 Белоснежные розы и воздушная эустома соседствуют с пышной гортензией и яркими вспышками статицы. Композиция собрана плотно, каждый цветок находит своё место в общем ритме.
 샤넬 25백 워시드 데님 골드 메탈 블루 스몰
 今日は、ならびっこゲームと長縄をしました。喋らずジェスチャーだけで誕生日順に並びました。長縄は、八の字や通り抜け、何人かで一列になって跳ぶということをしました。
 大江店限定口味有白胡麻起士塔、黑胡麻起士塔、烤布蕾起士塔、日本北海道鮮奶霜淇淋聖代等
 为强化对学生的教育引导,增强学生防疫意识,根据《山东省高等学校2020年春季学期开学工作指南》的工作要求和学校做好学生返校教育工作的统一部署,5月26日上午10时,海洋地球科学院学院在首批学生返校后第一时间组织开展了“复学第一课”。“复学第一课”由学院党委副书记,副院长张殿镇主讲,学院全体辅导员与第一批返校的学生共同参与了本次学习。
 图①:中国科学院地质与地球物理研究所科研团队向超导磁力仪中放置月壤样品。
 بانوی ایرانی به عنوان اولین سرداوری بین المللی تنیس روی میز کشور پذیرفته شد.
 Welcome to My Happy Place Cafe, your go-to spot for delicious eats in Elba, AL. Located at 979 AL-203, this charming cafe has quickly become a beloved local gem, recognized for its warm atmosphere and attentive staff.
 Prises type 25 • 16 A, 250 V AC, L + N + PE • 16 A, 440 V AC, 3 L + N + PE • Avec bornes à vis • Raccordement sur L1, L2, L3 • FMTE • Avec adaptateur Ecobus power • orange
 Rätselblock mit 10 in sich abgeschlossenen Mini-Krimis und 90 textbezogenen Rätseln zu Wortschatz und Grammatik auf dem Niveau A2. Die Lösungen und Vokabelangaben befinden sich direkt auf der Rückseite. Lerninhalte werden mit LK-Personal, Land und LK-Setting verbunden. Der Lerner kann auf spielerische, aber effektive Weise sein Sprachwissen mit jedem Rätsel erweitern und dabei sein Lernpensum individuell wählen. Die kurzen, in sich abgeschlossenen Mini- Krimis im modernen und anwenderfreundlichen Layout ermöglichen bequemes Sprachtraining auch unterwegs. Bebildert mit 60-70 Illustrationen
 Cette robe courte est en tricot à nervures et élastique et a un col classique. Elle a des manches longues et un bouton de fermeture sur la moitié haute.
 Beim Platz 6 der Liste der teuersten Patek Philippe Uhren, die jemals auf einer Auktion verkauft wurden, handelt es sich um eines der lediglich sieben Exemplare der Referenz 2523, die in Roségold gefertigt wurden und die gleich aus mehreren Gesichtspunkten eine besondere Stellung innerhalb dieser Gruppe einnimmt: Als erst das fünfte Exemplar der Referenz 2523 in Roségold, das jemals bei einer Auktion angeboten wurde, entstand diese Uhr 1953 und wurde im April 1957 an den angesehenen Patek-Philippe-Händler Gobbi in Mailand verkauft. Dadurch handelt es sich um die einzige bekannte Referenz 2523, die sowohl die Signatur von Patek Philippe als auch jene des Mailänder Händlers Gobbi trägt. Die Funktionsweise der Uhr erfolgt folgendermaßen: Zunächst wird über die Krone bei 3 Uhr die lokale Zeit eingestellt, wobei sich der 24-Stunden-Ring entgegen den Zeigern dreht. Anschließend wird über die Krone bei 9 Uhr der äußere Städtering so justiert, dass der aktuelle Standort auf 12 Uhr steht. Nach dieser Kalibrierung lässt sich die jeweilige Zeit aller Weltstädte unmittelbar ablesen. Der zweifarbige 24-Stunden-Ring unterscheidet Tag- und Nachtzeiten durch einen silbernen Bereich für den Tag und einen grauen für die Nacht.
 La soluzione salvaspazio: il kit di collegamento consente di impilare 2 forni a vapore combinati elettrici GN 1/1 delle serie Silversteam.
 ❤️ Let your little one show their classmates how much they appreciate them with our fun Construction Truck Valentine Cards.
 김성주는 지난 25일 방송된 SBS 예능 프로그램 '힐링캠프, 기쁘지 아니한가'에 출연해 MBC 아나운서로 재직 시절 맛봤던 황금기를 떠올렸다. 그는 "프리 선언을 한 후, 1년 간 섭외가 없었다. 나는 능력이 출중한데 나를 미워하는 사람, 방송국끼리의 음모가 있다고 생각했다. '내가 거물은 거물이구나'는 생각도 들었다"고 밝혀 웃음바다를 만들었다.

* * * * *

§ BRIEF
Every record must appear in the answer exactly as it does above.

§ ANSWER FOR THIS EXERCISE
 Белоснежные розы и воздушная эустома соседствуют с пышной гортензией и яркими вспышками статицы. Композиция собрана плотно, каждый цветок находит своё место в общем ритме.
 샤넬 25백 워시드 데님 골드 메탈 블루 스몰
 今日は、ならびっこゲームと長縄をしました。喋らずジェスチャーだけで誕生日順に並びました。長縄は、八の字や通り抜け、何人かで一列になって跳ぶということをしました。
 大江店限定口味有白胡麻起士塔、黑胡麻起士塔、烤布蕾起士塔、日本北海道鮮奶霜淇淋聖代等
 为强化对学生的教育引导,增强学生防疫意识,根据《山东省高等学校2020年春季学期开学工作指南》的工作要求和学校做好学生返校教育工作的统一部署,5月26日上午10时,海洋地球科学院学院在首批学生返校后第一时间组织开展了“复学第一课”。“复学第一课”由学院党委副书记,副院长张殿镇主讲,学院全体辅导员与第一批返校的学生共同参与了本次学习。
 图①:中国科学院地质与地球物理研究所科研团队向超导磁力仪中放置月壤样品。
 بانوی ایرانی به عنوان اولین سرداوری بین المللی تنیس روی میز کشور پذیرفته شد.
 Welcome to My Happy Place Cafe, your go-to spot for delicious eats in Elba, AL. Located at 979 AL-203, this charming cafe has quickly become a beloved local gem, recognized for its warm atmosphere and attentive staff.
 Prises type 25 • 16 A, 250 V AC, L + N + PE • 16 A, 440 V AC, 3 L + N + PE • Avec bornes à vis • Raccordement sur L1, L2, L3 • FMTE • Avec adaptateur Ecobus power • orange
 Rätselblock mit 10 in sich abgeschlossenen Mini-Krimis und 90 textbezogenen Rätseln zu Wortschatz und Grammatik auf dem Niveau A2. Die Lösungen und Vokabelangaben befinden sich direkt auf der Rückseite. Lerninhalte werden mit LK-Personal, Land und LK-Setting verbunden. Der Lerner kann auf spielerische, aber effektive Weise sein Sprachwissen mit jedem Rätsel erweitern und dabei sein Lernpensum individuell wählen. Die kurzen, in sich abgeschlossenen Mini- Krimis im modernen und anwenderfreundlichen Layout ermöglichen bequemes Sprachtraining auch unterwegs. Bebildert mit 60-70 Illustrationen
 Cette robe courte est en tricot à nervures et élastique et a un col classique. Elle a des manches longues et un bouton de fermeture sur la moitié haute.
 Beim Platz 6 der Liste der teuersten Patek Philippe Uhren, die jemals auf einer Auktion verkauft wurden, handelt es sich um eines der lediglich sieben Exemplare der Referenz 2523, die in Roségold gefertigt wurden und die gleich aus mehreren Gesichtspunkten eine besondere Stellung innerhalb dieser Gruppe einnimmt: Als erst das fünfte Exemplar der Referenz 2523 in Roségold, das jemals bei einer Auktion angeboten wurde, entstand diese Uhr 1953 und wurde im April 1957 an den angesehenen Patek-Philippe-Händler Gobbi in Mailand verkauft. Dadurch handelt es sich um die einzige bekannte Referenz 2523, die sowohl die Signatur von Patek Philippe als auch jene des Mailänder Händlers Gobbi trägt. Die Funktionsweise der Uhr erfolgt folgendermaßen: Zunächst wird über die Krone bei 3 Uhr die lokale Zeit eingestellt, wobei sich der 24-Stunden-Ring entgegen den Zeigern dreht. Anschließend wird über die Krone bei 9 Uhr der äußere Städtering so justiert, dass der aktuelle Standort auf 12 Uhr steht. Nach dieser Kalibrierung lässt sich die jeweilige Zeit aller Weltstädte unmittelbar ablesen. Der zweifarbige 24-Stunden-Ring unterscheidet Tag- und Nachtzeiten durch einen silbernen Bereich für den Tag und einen grauen für die Nacht.
 La soluzione salvaspazio: il kit di collegamento consente di impilare 2 forni a vapore combinati elettrici GN 1/1 delle serie Silversteam.
 ❤️ Let your little one show their classmates how much they appreciate them with our fun Construction Truck Valentine Cards.
 김성주는 지난 25일 방송된 SBS 예능 프로그램 '힐링캠프, 기쁘지 아니한가'에 출연해 MBC 아나운서로 재직 시절 맛봤던 황금기를 떠올렸다. 그는 "프리 선언을 한 후, 1년 간 섭외가 없었다. 나는 능력이 출중한데 나를 미워하는 사람, 방송국끼리의 음모가 있다고 생각했다. '내가 거물은 거물이구나'는 생각도 들었다"고 밝혀 웃음바다를 만들었다.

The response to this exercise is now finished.